The Age reported that some of the other recommendations include continuing the ban on online in-play betting and even extending the ban to physical betting outlets. Despite an interim report last May that suggested a five-year trial of online poker tournaments wouldn’t prevent the sun from rising in the east, it ain’t gonna happen. Online casino games will also remain verboten.

Other recommendations include tightening restrictions on online credit and minimizing payments to online gambling affiliates. The Australian Communications and Media Authority (ACMA) should be given the responsibility for levying fines on unlicensed international operators and internet service providers would be consulted on creating a common web page warning alerting users when they attempt to access unlicensed sites. The media has been tasked with developing a standard for minimizing the number of odds references during sports broadcasts.
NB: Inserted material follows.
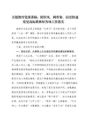 主题教育党课讲稿:转作风、树形象、以更快速度更高标准抓好各项工作落实.docx
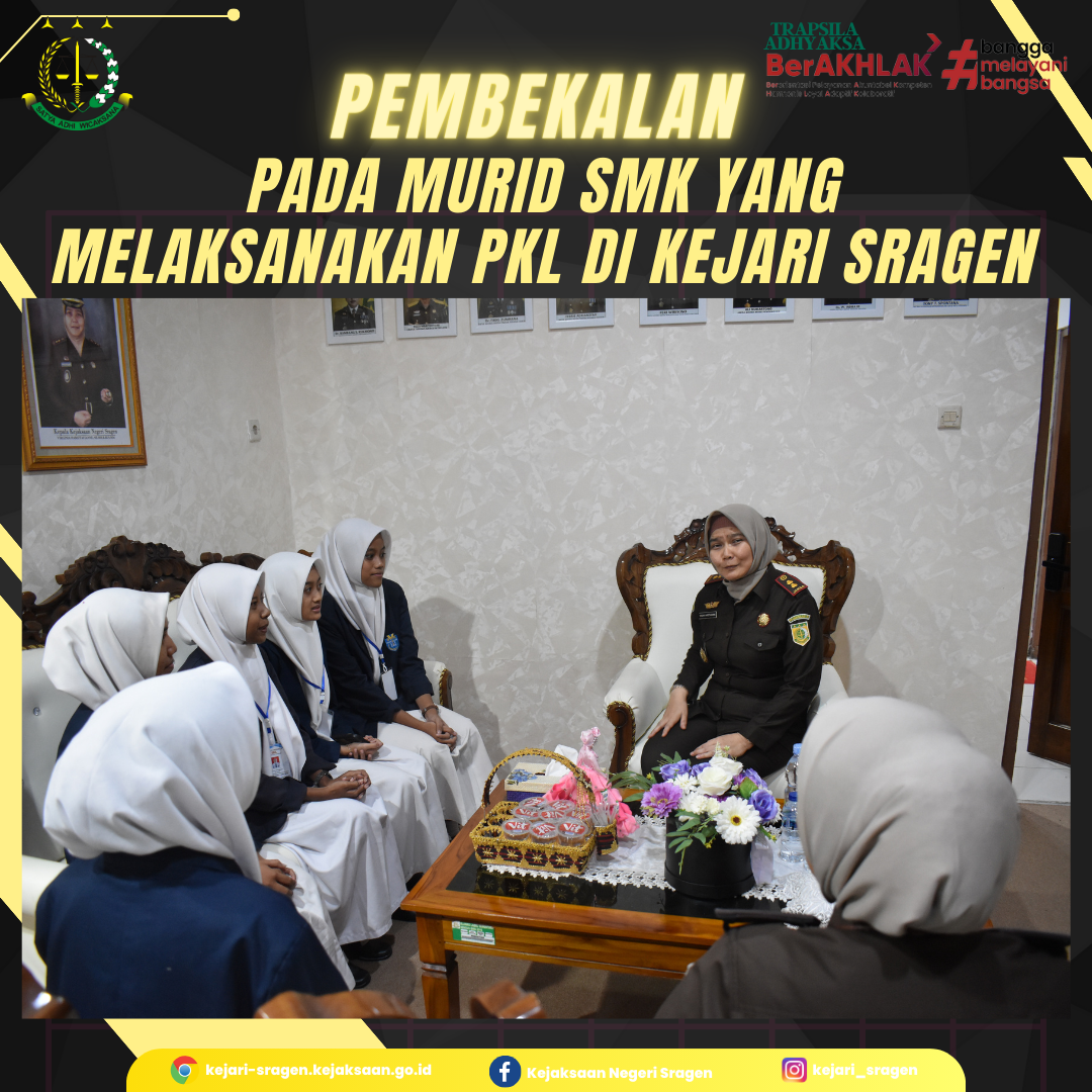 pembekalan kepada Siswi dari SMK 1 Sragen yang melaksanakan Praktik Kerja Lapangan (PKL) di kantor Kejaksaan Negeri Sragen.

After the length of time the IGA has been under review, the subsequent lack of concrete action in either direction has both pro- and anti-gambling factions crying ‘cop-out’. The gambling companies are angry that the interim review recommendations re online poker and in-play betting have been ignored. Perennial anti-gambling scold and occasional Senator Nick Xenophon expressed his bog-standard anger that more curbs on lawful sports betting weren’t being planned. And the can gets kicked a little further down the road…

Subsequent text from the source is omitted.